ぱいーぬ さんの感想・評価
4.2
物語 : 5.0
作画 : 4.5
声優 : 3.0
音楽 : 5.0
キャラ : 3.5
状態:観終わった
失敗作か、時代の先駆けか
この作品は当時においては人気のようだったが、今ではあまり知られていない。シュールレアリスティックな音楽、演出は2012年現在でもなお斬新さを感じさせるものであるが、それを単なるエキセントリシティーとして見る者の正当性は否定できない。なぜなら、15年ほどたった今、このアニメは一部のコアなファンにしか知られるものではなく、しかも今後再評価される見込みが見えてこないからである。
ここまでが普通の感想。
以下攻めの感想。
この作品は無意識に働きかけてこようとする。
この作品は、宗教臭さ、の様なものを終始漂わせ、途中からは--厳密にはウテナが学園長(理事長だったか)の所に寝泊まりするようになってから--それが強まって行ったように思われる。

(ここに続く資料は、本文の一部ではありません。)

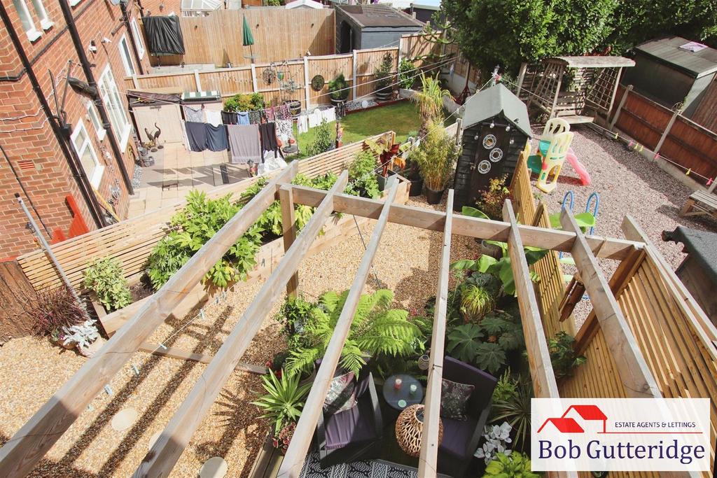 Enclsoed Rear Garden - Bounded by concrete posts with timber/concrete panels, a decked area providing patio and seating space along with offering a good degree of privacy, limestone chippings for low maintenance, additional patio area, raised railway sleeper beds with mature shrubs and plants plus a timber garden shed providing ample domestic external storage space.

自分の家の匂いに対して鈍感になってしまうように、私たちは後半の宗教臭さを意識することはあまりなかったのでは無いだろうか。無意識下で蠢く激しい嫌悪、ストレスが、物語ラストでのアンシーの旅立ちによって浄化(カタルシス)される。
実際、私たちは物語を最後まで見てもよくわからない。説明がきちんとなされないままに物語は終わる。しかも、ストーリーの合間には物語の全貌を解き明かすヒントらしきものが散りばめられているというのだから、それらを頼りにラストを推理していたであろう視聴者に対する無礼だと言うことも出来るかもしれない。
しかし、意識がこじれている間に、無意識においてはカタルシスを迎える。
何もわかっていないのに、どこかからやってくる達成感と開放感。それらがどこからやってくるのかすらわからない。
意識と無意識の分離によって、「私」に対するアンチテーゼを、「少女革命ウテナ」は突き付けたのではないだろうか。